I know Steph will look at me with that soft frown that says she wants to help but doesn't know how.

But it doesn't matter.

I need something between me and the world today.

Something that hides the war happening under my skin.

Something that keeps me from falling apart in front of people who would never understand.

I finally tear my gaze away from the mirror, grab my glasses off the dresser, and slide them on.

"Good enough," I whisper to my reflection.

But even I don't believe it.

The smell of coffee drifts up the staircase long before I even reach the bottom—warm, rich, familiar in a way that feels almost protective. It fills the hallway like a blanket, softening the edges of the morning. Mom always makes coffee at the same time, with the same brand she's bought for years, brewed in the same old machine that wheezes like it's tired too.

Her routines are constant. Predictable.
I envy her for that.

My fingers trail along the wooden railing as I step down each stair. The wood is smooth from years of hands sliding across it—mine, hers, my dad's before he left. The grooves and small scratches are like a map of all the mornings we survived. Somehow that texture, that history carved into wood, steadies me more than anything else.
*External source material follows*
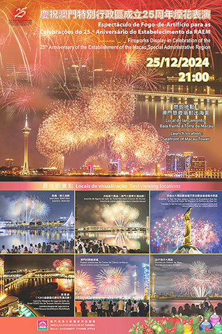 【特訊】今年為中華人民共和國成立75周年及澳門回歸祖國25周年,旅遊局將於12月25日晚上9時,在澳門旅遊塔對出海面舉行「慶祝澳門特別行政區成立25周年煙花表演」,向國家和澳門特區致以美好的祝願,為居民和旅客送上喜悅及祝福。煙花表演疊加「2024幻彩耀濠江」,加上煙花在聖誕假期燃放,全城將洋溢節慶熱鬧氣氛,展現澳門「旅遊+盛事」魅力。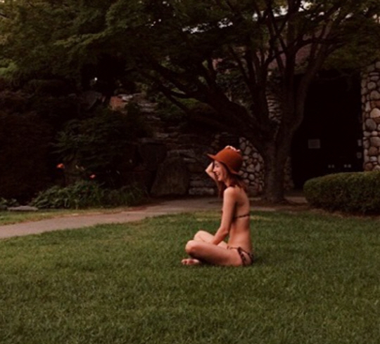 한채아는 자신의 SNS를 통해 비키니를 입은 채 풀밭 위에 앉아 있는 사진을 게재했다.

As I reach the bottom, I hear the quiet clink of a spoon tapping against a ceramic mug. Mom sits at the kitchen table, in her usual spot near the window where the sunlight is brightest. She looks up instantly when she hears me, her smile soft, automatic, practiced.

"Good morning, sweetie. Sleep well?"

Her voice is gentle, but there's a slight lift at the end—hopeful, almost unsure.

I force a smile and slide into the chair across from her.
"Great. Thanks, Mom."

The lie tastes familiar.
It rolls off my tongue as easily as breathing now.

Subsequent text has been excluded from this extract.